• [PROMPT]: The entries below contain pictures, which are to be left out; write out exactly, and only, the lines from the line with "Ondanks het gras, brandnetels" up to and including the line with "A three-piece luxury".

• [EXTRACTED DATA]:

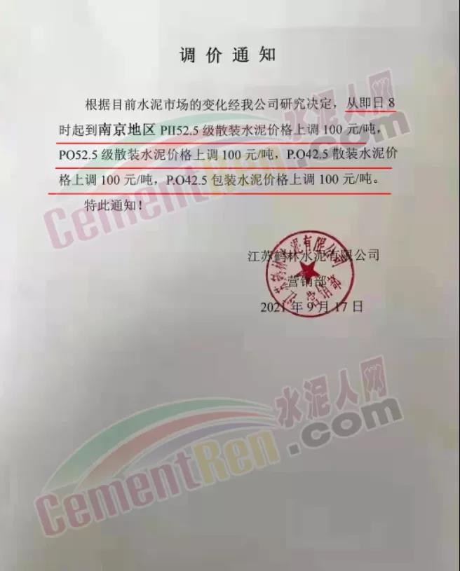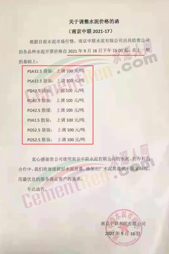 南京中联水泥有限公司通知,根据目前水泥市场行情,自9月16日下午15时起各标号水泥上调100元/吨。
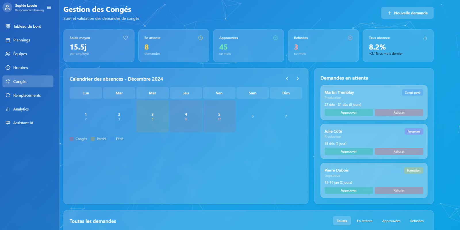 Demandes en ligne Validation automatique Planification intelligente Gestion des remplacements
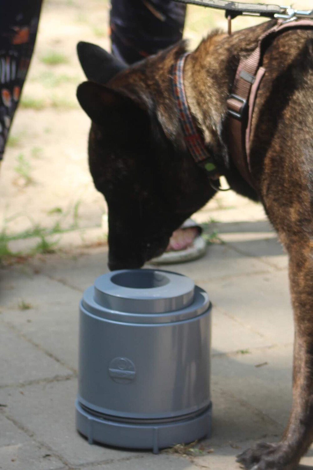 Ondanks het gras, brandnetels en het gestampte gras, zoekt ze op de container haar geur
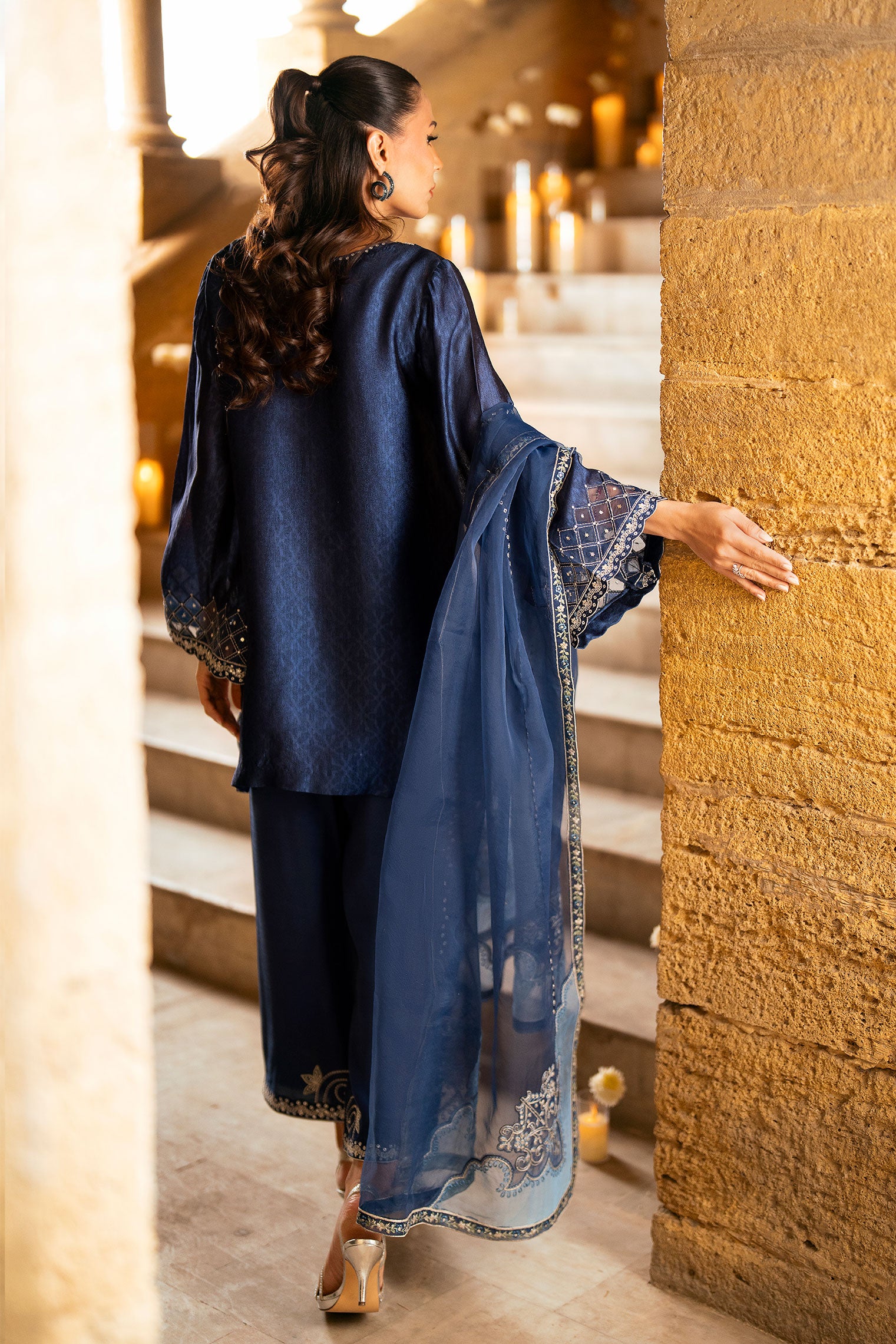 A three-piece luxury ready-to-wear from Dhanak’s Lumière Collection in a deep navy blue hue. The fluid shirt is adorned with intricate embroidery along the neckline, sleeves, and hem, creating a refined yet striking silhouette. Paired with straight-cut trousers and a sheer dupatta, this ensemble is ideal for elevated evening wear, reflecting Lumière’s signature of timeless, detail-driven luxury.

==

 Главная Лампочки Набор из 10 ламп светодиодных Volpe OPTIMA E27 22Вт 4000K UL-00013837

• [SOLUTION BELOW]:
 Ondanks het gras, brandnetels en het gestampte gras, zoekt ze op de container haar geur
 A three-piece luxury ready-to-wear from Dhanak’s Lumière Collection in a deep navy blue hue. The fluid shirt is adorned with intricate embroidery along the neckline, sleeves, and hem, creating a refined yet striking silhouette. Paired with straight-cut trousers and a sheer dupatta, this ensemble is ideal for elevated evening wear, reflecting Lumière’s signature of timeless, detail-driven luxury.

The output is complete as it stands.